Boeing, Washington State University (WSU) and the Washington Stormwater Center have announced a collaboration to research and develop stronger permeable pavement through the use of recycled carbon fiber composite material.
Improving permeable pavement – a porous concrete or asphalt product that allows stormwater to seep into the ground instead of running off to waterways – has been identified by the U.S. Environmental Protection Agency (EPA) as a positive step to mitigating stormwater issues in Washington state. According to the EPA, permeable pavement improves water quality by reducing flow, filtering pollutants and returning water back to the water table.
Boeing is supporting the Washington Stormwater Center through a $212,000 research grant and donation of carbon fiber composite material. The grant will support research programs at the WSU Research and Extension Center in Puyallup, Wash., and on the WSU Pullman campus.
“Water is one of our most precious resources, and we need to treat it as such,” said Ursula English, vice president, Boeing Environment, Health & Safety. “We are pleased to provide recyclable composite material from our production line to assist in this vital and innovative research. Creating the opportunity to expand the use of permeable pavement is good for the environment and the communities in which we live and work.”

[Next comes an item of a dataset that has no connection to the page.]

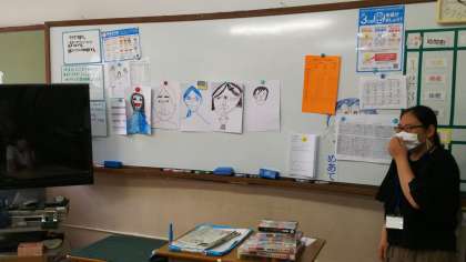 1組は美術に取り組んでいます。一筆で自画像を描くという難易度が高そうですが,上手に仕上がっていました。授業にお邪魔した私の似顔絵を,一筆書きにしてもらいました。ありがとうございます。

The project will take a two-pronged approach to improving permeable pavement. First, scientists will recycle carbon fiber composites to strengthen and reinforce porous pavement material, which is used in parking lots and side roads, but is currently too soft to be used on heavily-traveled roadways. Then the team will examine the strengthened material for toxicity, to validate that the composite material does not add pollutants into the soil or impact water quality.
“We are excited to work with Boeing on this important project,” said John Stark, director of the Washington Stormwater Center. “If we find that this material safely strengthens permeable pavement, resulting in an increase in its use, this could be a game changer in terms of reducing the impact of pollutants in stormwater on the environment.”